The Wisdom of Purpose

The Spectrum of Purpose invites more conscious choices along the path of creating a mix between individual and collective purpose. These choices will not be easy, because purpose is often defined narrowly. Such categorical thinking pushes people away from exploring the nuances of purpose, essential in creating better futures for working and living.

Thinking futureback about this spectrum is a potent way to demonstrate the wisdom required to span the complexities of purpose. Kaufman describes this trait as an “openness to experience, the capacity for self-examination and introspection, motivation for personal growth, and the willingness to remain skeptical of oneself, continually questioning assumptions and beliefs, and exploring in evaluating new information that is relevant to one’s identity.”31

Clinical psychologist Deirdre Kramer describes how wisdom enables individuals to span the spectrum toward more collective purpose:

Wise people have learned to view the positive and negative and synthesize them to create a more human, more integrated sense of self, in all its frailty and vulnerability. . . . They seem able to first embrace and then transcend self-concerns to integrate their capacity for introspection with a deep and abiding concern for human relationships and generative concern for others.32

Thinking futureback, leaders will need to play the wisdom game to attract people who are seeking meaningful work and harmony between themselves and their offices, to provide a chance for them to be in good company with others.

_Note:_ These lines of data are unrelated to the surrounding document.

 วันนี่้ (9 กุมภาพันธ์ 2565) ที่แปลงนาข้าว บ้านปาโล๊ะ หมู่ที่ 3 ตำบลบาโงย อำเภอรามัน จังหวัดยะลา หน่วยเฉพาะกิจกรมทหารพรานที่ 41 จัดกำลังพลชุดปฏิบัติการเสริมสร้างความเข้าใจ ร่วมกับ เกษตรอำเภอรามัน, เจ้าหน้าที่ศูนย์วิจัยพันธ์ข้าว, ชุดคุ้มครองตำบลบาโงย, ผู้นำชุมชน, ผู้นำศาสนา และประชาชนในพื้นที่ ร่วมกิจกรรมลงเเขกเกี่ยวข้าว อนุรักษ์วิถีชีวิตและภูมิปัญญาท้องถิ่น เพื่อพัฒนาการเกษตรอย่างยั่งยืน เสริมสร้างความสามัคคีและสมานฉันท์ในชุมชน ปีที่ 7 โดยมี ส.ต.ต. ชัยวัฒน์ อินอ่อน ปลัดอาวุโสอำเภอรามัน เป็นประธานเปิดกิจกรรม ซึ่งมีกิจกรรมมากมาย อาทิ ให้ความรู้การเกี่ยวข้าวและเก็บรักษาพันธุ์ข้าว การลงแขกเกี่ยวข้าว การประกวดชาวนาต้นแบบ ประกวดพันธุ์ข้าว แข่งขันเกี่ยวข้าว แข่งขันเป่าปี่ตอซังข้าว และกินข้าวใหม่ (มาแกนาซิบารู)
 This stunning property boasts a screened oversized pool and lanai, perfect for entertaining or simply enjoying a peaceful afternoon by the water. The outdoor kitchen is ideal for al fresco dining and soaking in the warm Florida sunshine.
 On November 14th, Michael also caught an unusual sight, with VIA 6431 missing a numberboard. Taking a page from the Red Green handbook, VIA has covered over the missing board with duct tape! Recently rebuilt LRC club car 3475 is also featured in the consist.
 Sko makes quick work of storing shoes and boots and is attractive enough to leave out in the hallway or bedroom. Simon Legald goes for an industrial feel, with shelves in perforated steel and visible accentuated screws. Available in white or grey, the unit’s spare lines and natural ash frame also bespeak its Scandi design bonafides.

Your Choices on the Spectrum of Purpose

The Spectrum of Purpose invites you to move the mixing board slider between Individual and Collective, in search of harmony. This first pass will set you up to make your choices more specific in part III for you as an individual, your organization, and your community.

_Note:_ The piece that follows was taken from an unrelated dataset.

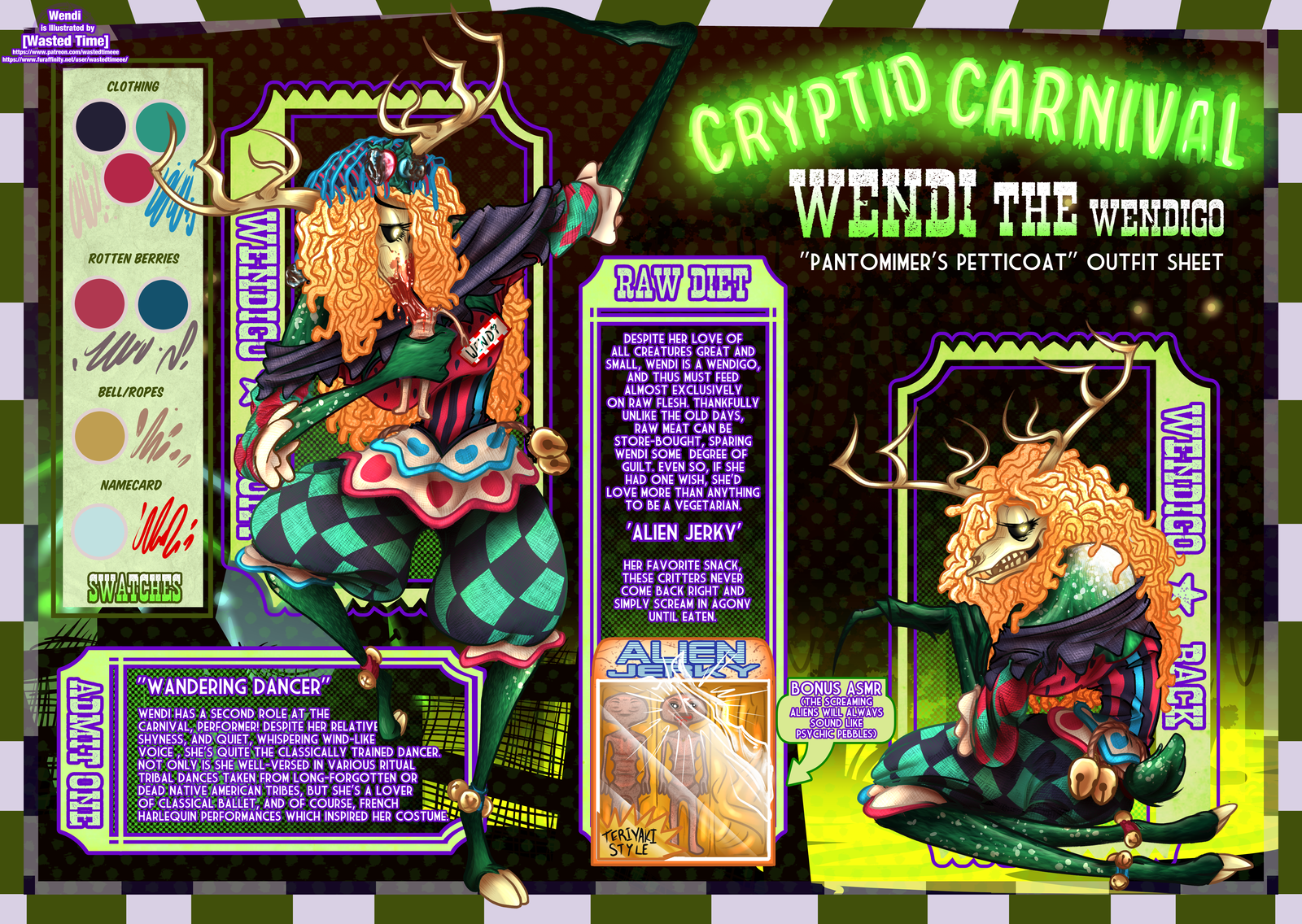Wendi is kind of a tragic character. She's a very sweet, soft-spoken hulking beast of a creature that loves animals and people. However, being a Wendigo comes with certain 'drawbacks' that often leave the good-natured ones to live incredibly lonely and solitary lives. On her 'Nude' sheet, I wrote a blurb about the land a Wendigo chooses to live on is always cursed with undeath. And while there were no corpses on Wendi's land in the carnival, she is a collector of hoax cryptids, which...tend to come to life while she's asleep. It was this curse that allowed Wendi to create the Cryptid Carnival 'Peting Sue' with the more 'people-friendly' critters that her curse raised. The savage or painfully broken hoax creatures, however, often end up in Wendi's diet, which raises another complication.

As you think about your own personal story across this spectrum, consider these questions:

1. How might you illustrate your story about a future with a more positive experience of purpose?

2. Do you derive a personal sense of meaning from your work today? If not, how would you change your experience of purpose?

3. What social value (beyond your own personal income) are you contributing through your officing?

4. Does your organization enhance your individual purpose by having a corporate purpose that is linked to community, beyond individuals?

5. Does your organization have a focus on stakeholders, in addition to shareholders?

6. How can thinking futureback enhance your ability to seek meaningful work?